- Barnaby cast (l. to r.): Gus the Ghost, Jackeen J. O'Malley, Gorgon Baxter, Barnaby Baxter and Jane Shultz
- Author(s): Crockett Johnson (1942–1946, 1947–1952) Jack Morley and Ted Ferro (1946–1947) Warren Sattler (1960–1962)
- Current status/schedule: Ended
- Launch date: April 20, 1942 (PM) revived September 12, 1960
- End date: February 2, 1952 revival ended April 14, 1962
- Syndicate(s): Field Enterprises Syndicate

= Barnaby (comics) =

Comic strip

Barnaby is a comic strip which began April 20, 1942, in the newspaper PM and was later syndicated in 64 American newspapers (for a combined circulation of more than 5,500,000).

Created by Crockett Johnson, who is best known today for his children's book Harold and the Purple Crayon, the strip featured a cherubic-looking five-year-old and his far-from-cherubic fairy godfather, Jackeen J. O'Malley, a short, cigar-smoking man with four tiny wings. With a distinctive appearance because of its use of typography, the strip had numerous reprints and was adapted into a 1940s stage production.
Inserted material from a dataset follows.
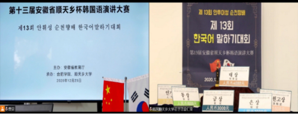 Through online speeches, 30 participants from nearly 20 colleges and universities in Anhui Province take part in the preliminaries and 15 teams advance to the finals. Their speeches center on Korean language, Korean culture and China-Korea exchange. Finally, Jin Xuelian from Anhui University of Technology wins the Grand Prize and Xu Qianhui from Anhui Science and Technology University wins the Gold Medal.
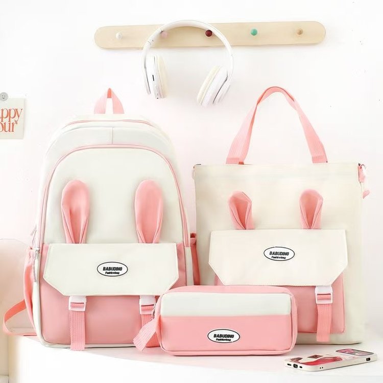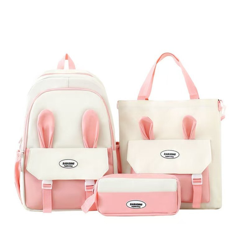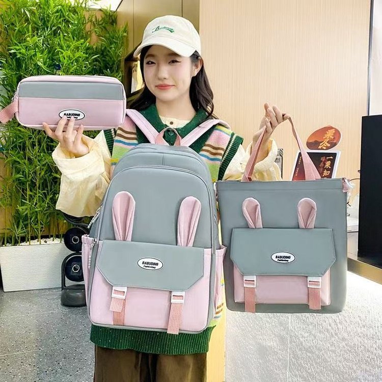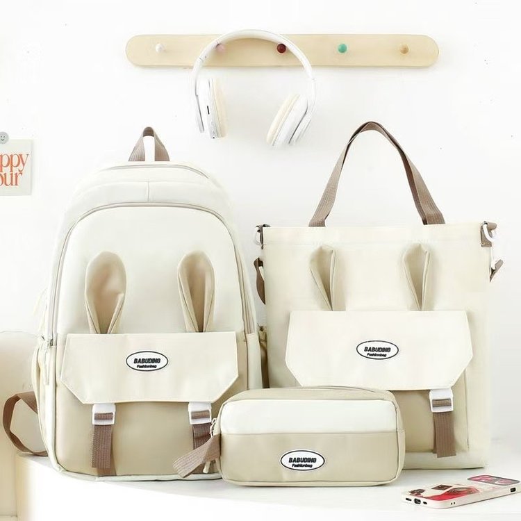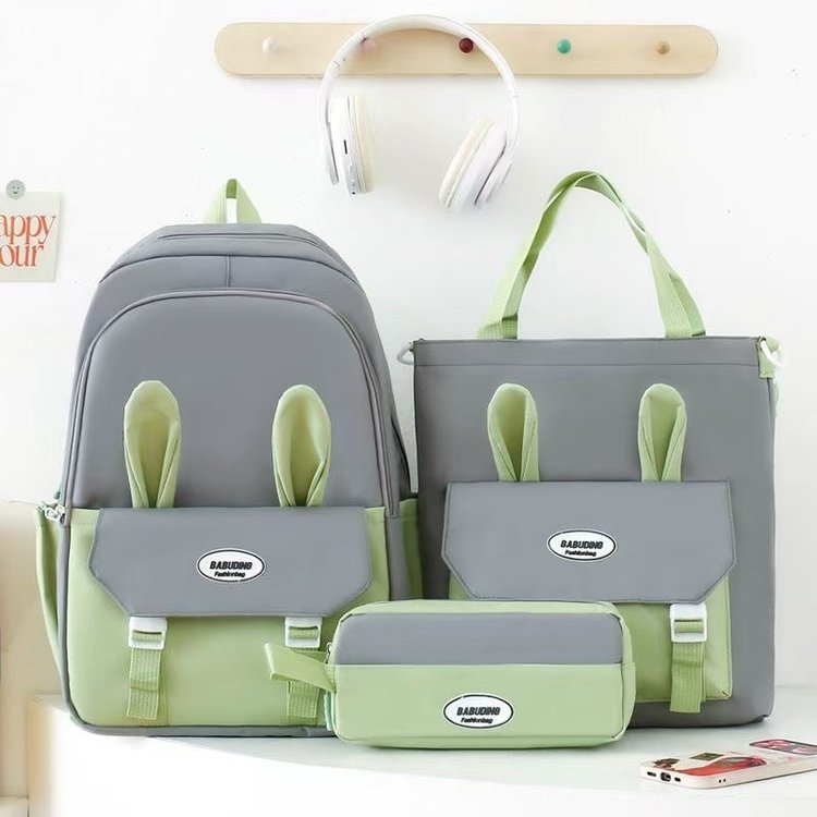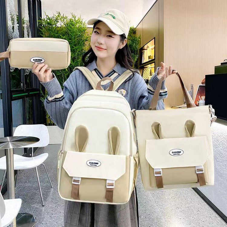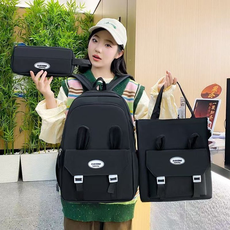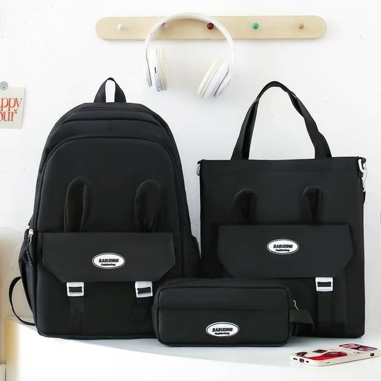 新款跨境韩版双肩背包纯色百搭三件套组合包背包学生书包

The usually caustic Dorothy Parker had nothing but praise: "I think, and I'm trying to talk calmly, that Barnaby and his friends and oppressors are the most important additions to American Arts and Letters in Lord knows how many years."

==Characters and story==
One night after having been read a fairy tale involving a fairy godmother by his mother, Barnaby Baxter received a visit through his bedroom window from the cigar-wielding and pink wings-wearing Jackeen J. (J. J.) O'Malley, who announced that he was Barnaby's fairy godfather. This began a series of adventures with Mr. O'Malley that frequently got the pair of them into scrapes, most of which were either of Mr. O'Malley's making or resulted in embarrassment of some sort for the rather clumsy fairy godfather, a member of the Elves, Leprechauns, Gnomes, and Little Men's Chowder & Marching Society. Many of their adventures have surprising results, such as uncovering a gang of criminals hiding their loot in a supposedly haunted house, Barnaby's winning a scrap iron contest while out searching for a leprechaun's pot of gold, and unmasking a spy working in Mr. Baxter's office.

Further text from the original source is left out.